Oct 8, 2016 - Nov 4, 2016

Jeogori, and Stories About Materials

Arumjigi Culture Keepers Foundation

Hanbok that embraces both tradition and modernity

On Jeogori, and Stories About Materials
Each year, Arumjigi presents a special exhibition on either clothing, food, or housing in which it presents the outcomes of work done together by artisans and contemporary artists. The exhibition explores the beauty of traditional Korean culture in everyday living in creative ways that are suited for modern times and is intended to build heritage for tomorrow that can be appreciated by the whole world and the next generation. Arumjigi hosted its first exhibition on clothing in 2004 and hosts the fifth edition on clothing this year. This exhibition focuses on an item of traditional women’s clothes, jeogori, as the title clearly indicates: Jeogori, and Stories About Materials. The exhibition is divided in two parts: Traditional Women’s Jeogori and Modern Women’s Jeogori Reinterpreted as Contemporary Clothing. This first part starts with reproduction of the most beautiful traditional women’s clothing, followed by hanbok reconstructed with new materials for women today.The second part shows works by contemporary fashion designers. Each of them embodied Korean aesthetics by unique approaches after painstakingly researching traditional patterns. The exhibition seeks new possibilities for traditional Korean clothing by combining new materials with traditional design, and traditional materials with contemporary design. Also highlighted at this exhibition are materials used for hanbok that embrace both tradition and modernity. Both artisans of traditional clothing and contemporary designers focused on diverse materials: some materials showing beauty intrinsic in traditional fabrics and others serving as a bridge connecting traditional and modern clothing. Bringing together practicality and the aesthetic beauty inherent to hanbok should yield excellent possibilities for traditional clothes worn through the ages.

The Traditional Clothing Restoration Team of this exhibition referenced primarily representative paintings of each period. In developing patterns, adjustments were made to account for the average height of people today: 172 centimeters. Patterns that could show silhouettes seen in the paintings as beautifully as possible were developed.

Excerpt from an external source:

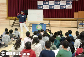 「プロ野球選手」という夢を叶えた経験や体験をもとにライオンズアカデミー平尾博嗣コーチからは、「日々の生活の中から夢中になれることを見つけること」、「全力で取り組むこと」、「簡単に諦めない。逃げ癖をつけないこと」、「何度も立ち向かってチャレンジすること」と、アドバイスが送られました。今後児童たちがそれぞれの道に進む中でのヒントにしてほしいと思います。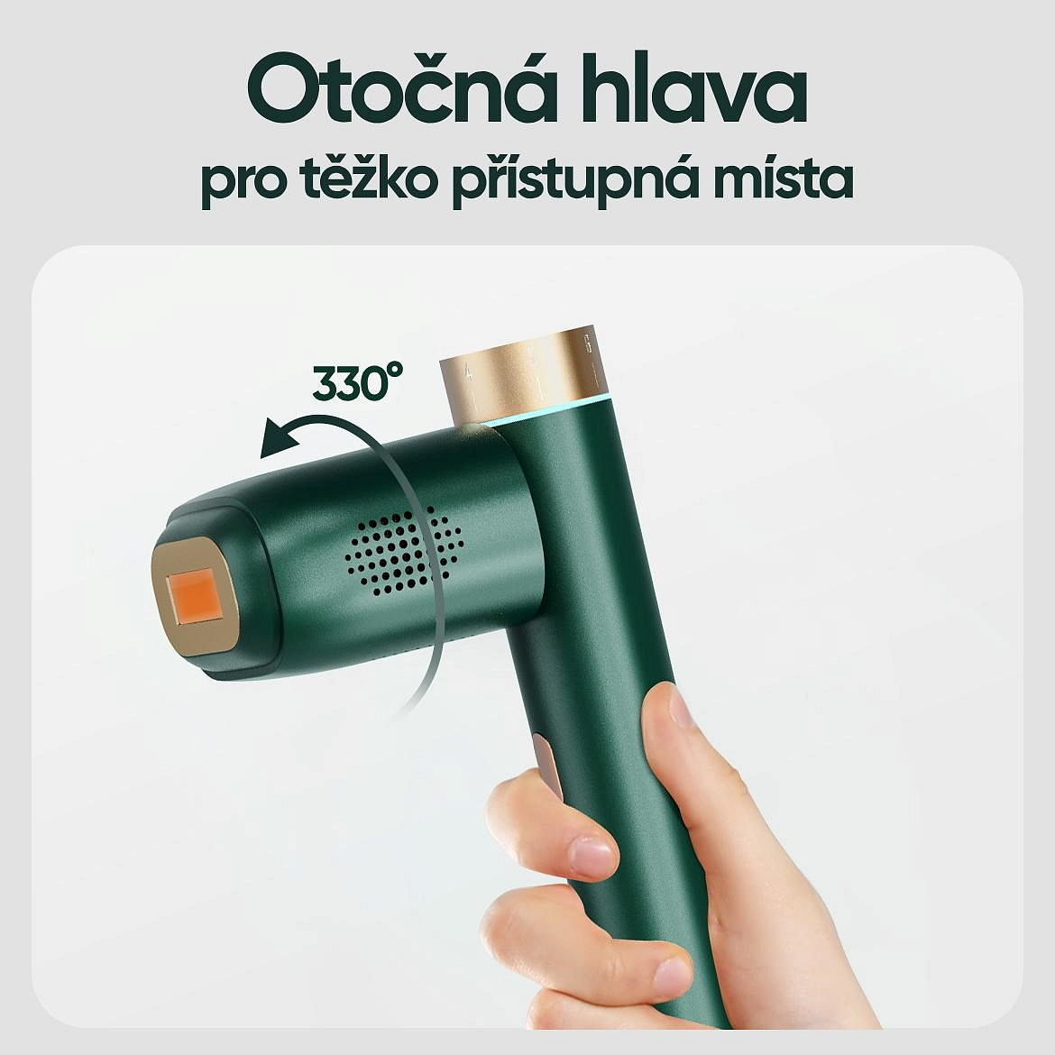 - Inovativní otočná hlavice o 330°: Umožňuje snadný a přesný přístup ke všem křivkám těla.

Rediscovery of Tradition: Clothing of the Goguryeo Kingdom
In antiquity, the Koreans commonly wore baji (pants) and jeogori (jacket), over which they wore a chima (long skirt) and outer robe called jangyu or po. This was a basic outfit worn by all people of the Goguryeo Kingdom, from the King to commoners. Ancient tomb murals dating to the Goguryeo Kingdom show the style that prevailed at the time.

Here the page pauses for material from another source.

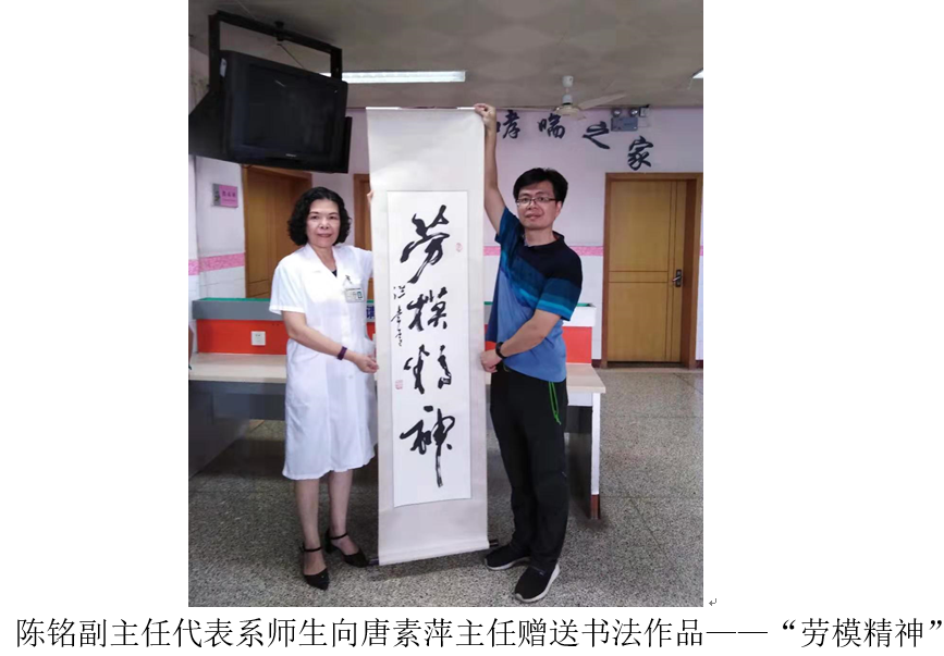 学生们在与医生的零距离接触中,深入了解了平日的医疗和医院工作,体验了医生的辛劳与职业的崇高感。在“医学课堂”里,新生儿护士的一线言传身教、在影像科里探秘“黑白照片”的神奇、在泌尿外科聆听医生的现场教学……这些难得深入一见的医学场景,让孩子们大开眼界,加深了对医学的认知。值此医师节之际,我院临床系陈洁副书记和陈铭副主任代表系全体师生向唐素萍主任献上院工会副主席书法作品“劳模精神”,以表敬意和感谢。

This is a reproduction of women’s clothing depicted in the ancient tomb mural in Susan-ri. The basic jeogori worn by Goguryeo women in the 5th century was long and covered the hips, and the flips of jeogori were tied up with a belt around the waist. The neckband, collar, and hemline of jeogori and edges of sleeves were made of fabric of a different color or pattern from that of the body of jeogori to prevent jeogori from wearing out or becoming soiled, and to accentuate its beauty. Chima (skirt) was long enough to touch the ground, and was straight pleated and flared out towards the hem.

Rediscovery of Tradition: Clothing of the Unified Silla Kingdom
The beautiful colors produced by diverse dying techniques and the luxurious materials used for clothing during the Unified Silla period show what luxury the ruling class enjoyed at the time. A long skirt worn over a short jacket with a wide sash draped over the shoulders was common in many East Asian countries.

Inspired by artifacts from ancient tombs in Yeonggang-dong and Hwangseong-dong in Gyeongju and after studying paintings dating to Tang China, the rich style of aristocratic women of the Unified Silla period is reproduced here with beautifully patterned fabric. Patterns were dyed on two kinds of silk fabric of different thickness and transparency. Jeogori was produced by overlaying the two different silk fabrics, and chima was made with lightweight silk dyed in blue and patterned with silk.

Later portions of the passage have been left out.